Task directions: Nothing but the lines below between the line holding "油漆回收、废旧油墨、陶瓷颜料" and the line holding "TGF-β signaling modulates", inclusive, should appear in the answer, each set down exactly.

Provided entries:
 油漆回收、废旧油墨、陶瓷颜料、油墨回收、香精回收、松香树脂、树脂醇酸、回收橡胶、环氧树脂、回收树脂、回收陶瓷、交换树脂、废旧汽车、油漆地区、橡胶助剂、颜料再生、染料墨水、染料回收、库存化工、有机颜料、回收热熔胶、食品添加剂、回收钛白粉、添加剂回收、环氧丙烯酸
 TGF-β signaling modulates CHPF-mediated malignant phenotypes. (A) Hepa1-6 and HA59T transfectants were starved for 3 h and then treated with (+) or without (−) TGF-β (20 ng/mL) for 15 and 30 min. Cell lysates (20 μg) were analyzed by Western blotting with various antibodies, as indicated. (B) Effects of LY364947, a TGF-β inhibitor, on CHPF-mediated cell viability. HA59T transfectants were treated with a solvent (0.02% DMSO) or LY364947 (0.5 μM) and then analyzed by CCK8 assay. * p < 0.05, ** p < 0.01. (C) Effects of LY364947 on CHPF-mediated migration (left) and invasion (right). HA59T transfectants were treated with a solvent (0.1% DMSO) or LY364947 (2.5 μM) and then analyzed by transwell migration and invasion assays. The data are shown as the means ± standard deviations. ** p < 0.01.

---

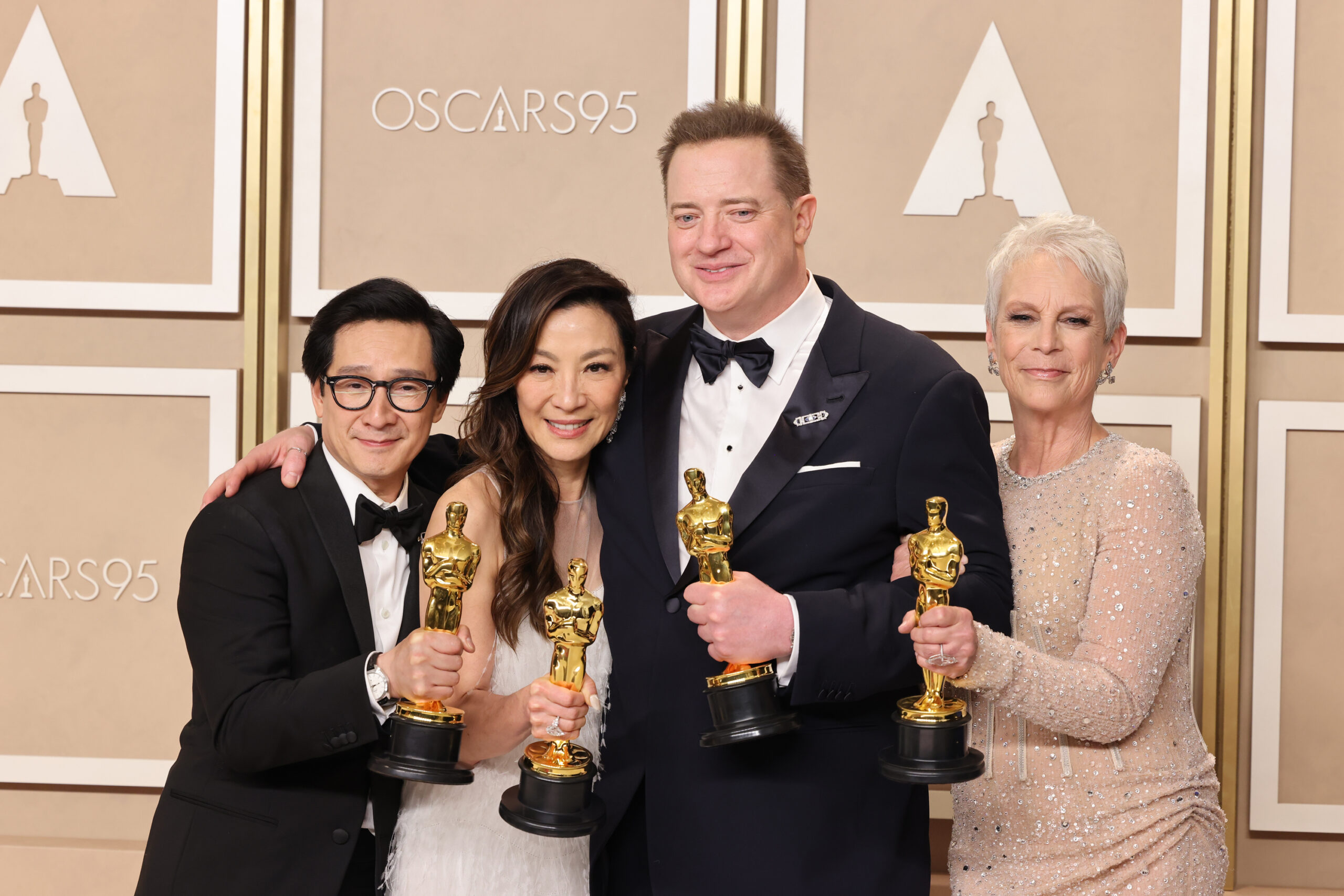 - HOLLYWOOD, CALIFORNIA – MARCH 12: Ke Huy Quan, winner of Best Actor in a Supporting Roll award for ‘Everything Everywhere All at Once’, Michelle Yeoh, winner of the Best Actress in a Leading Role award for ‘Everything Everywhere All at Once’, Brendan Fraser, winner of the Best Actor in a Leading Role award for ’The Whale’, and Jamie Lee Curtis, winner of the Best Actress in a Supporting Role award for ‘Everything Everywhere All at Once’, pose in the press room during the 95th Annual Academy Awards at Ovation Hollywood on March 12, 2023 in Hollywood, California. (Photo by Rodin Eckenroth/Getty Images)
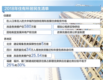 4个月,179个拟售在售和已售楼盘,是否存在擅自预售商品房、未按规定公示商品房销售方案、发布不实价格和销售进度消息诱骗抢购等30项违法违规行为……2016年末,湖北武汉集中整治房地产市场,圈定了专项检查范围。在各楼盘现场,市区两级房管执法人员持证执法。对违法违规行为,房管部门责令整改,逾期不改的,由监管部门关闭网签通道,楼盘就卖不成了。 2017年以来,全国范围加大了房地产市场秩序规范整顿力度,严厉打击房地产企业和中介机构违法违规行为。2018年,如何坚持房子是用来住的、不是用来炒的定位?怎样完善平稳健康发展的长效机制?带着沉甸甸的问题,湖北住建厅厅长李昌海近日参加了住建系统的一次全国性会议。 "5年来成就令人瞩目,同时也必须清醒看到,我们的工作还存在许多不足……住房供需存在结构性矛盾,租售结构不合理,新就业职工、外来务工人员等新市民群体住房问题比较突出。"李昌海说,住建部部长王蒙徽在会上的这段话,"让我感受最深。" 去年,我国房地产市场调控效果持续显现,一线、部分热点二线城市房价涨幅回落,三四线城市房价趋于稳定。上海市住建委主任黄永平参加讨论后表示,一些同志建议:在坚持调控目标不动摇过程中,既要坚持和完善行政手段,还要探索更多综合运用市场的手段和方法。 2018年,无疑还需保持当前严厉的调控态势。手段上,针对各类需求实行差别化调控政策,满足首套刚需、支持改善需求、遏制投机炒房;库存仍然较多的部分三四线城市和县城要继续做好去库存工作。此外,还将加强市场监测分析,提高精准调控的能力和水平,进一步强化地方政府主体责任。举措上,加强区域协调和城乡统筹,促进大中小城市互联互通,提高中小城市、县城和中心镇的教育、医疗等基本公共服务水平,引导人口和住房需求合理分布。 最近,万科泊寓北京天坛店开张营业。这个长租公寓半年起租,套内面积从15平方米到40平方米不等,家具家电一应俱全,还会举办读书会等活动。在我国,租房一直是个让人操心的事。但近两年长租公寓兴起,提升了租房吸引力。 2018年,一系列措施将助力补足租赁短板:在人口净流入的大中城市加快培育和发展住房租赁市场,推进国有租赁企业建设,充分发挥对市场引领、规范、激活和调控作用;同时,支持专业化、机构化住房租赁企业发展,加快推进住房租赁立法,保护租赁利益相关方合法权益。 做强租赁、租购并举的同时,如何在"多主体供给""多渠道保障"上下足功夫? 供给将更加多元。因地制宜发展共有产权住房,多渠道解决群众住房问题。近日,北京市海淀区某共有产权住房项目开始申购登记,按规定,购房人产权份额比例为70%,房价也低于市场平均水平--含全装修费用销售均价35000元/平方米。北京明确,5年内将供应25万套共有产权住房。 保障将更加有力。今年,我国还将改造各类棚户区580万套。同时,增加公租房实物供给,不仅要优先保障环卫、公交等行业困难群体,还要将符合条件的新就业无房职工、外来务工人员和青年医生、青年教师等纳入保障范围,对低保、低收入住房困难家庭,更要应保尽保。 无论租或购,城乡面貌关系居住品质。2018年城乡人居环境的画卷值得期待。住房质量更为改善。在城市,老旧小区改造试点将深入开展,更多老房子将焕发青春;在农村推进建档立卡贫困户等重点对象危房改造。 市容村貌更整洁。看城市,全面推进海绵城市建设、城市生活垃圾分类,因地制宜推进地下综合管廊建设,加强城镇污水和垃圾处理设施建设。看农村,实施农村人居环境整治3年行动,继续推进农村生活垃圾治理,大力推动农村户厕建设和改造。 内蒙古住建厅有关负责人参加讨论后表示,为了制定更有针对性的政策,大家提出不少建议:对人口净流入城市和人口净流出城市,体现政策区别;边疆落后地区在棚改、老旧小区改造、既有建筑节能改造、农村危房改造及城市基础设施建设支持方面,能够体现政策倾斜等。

Written response:
 油漆回收、废旧油墨、陶瓷颜料、油墨回收、香精回收、松香树脂、树脂醇酸、回收橡胶、环氧树脂、回收树脂、回收陶瓷、交换树脂、废旧汽车、油漆地区、橡胶助剂、颜料再生、染料墨水、染料回收、库存化工、有机颜料、回收热熔胶、食品添加剂、回收钛白粉、添加剂回收、环氧丙烯酸
 TGF-β signaling modulates CHPF-mediated malignant phenotypes. (A) Hepa1-6 and HA59T transfectants were starved for 3 h and then treated with (+) or without (−) TGF-β (20 ng/mL) for 15 and 30 min. Cell lysates (20 μg) were analyzed by Western blotting with various antibodies, as indicated. (B) Effects of LY364947, a TGF-β inhibitor, on CHPF-mediated cell viability. HA59T transfectants were treated with a solvent (0.02% DMSO) or LY364947 (0.5 μM) and then analyzed by CCK8 assay. * p < 0.05, ** p < 0.01. (C) Effects of LY364947 on CHPF-mediated migration (left) and invasion (right). HA59T transfectants were treated with a solvent (0.1% DMSO) or LY364947 (2.5 μM) and then analyzed by transwell migration and invasion assays. The data are shown as the means ± standard deviations. ** p < 0.01.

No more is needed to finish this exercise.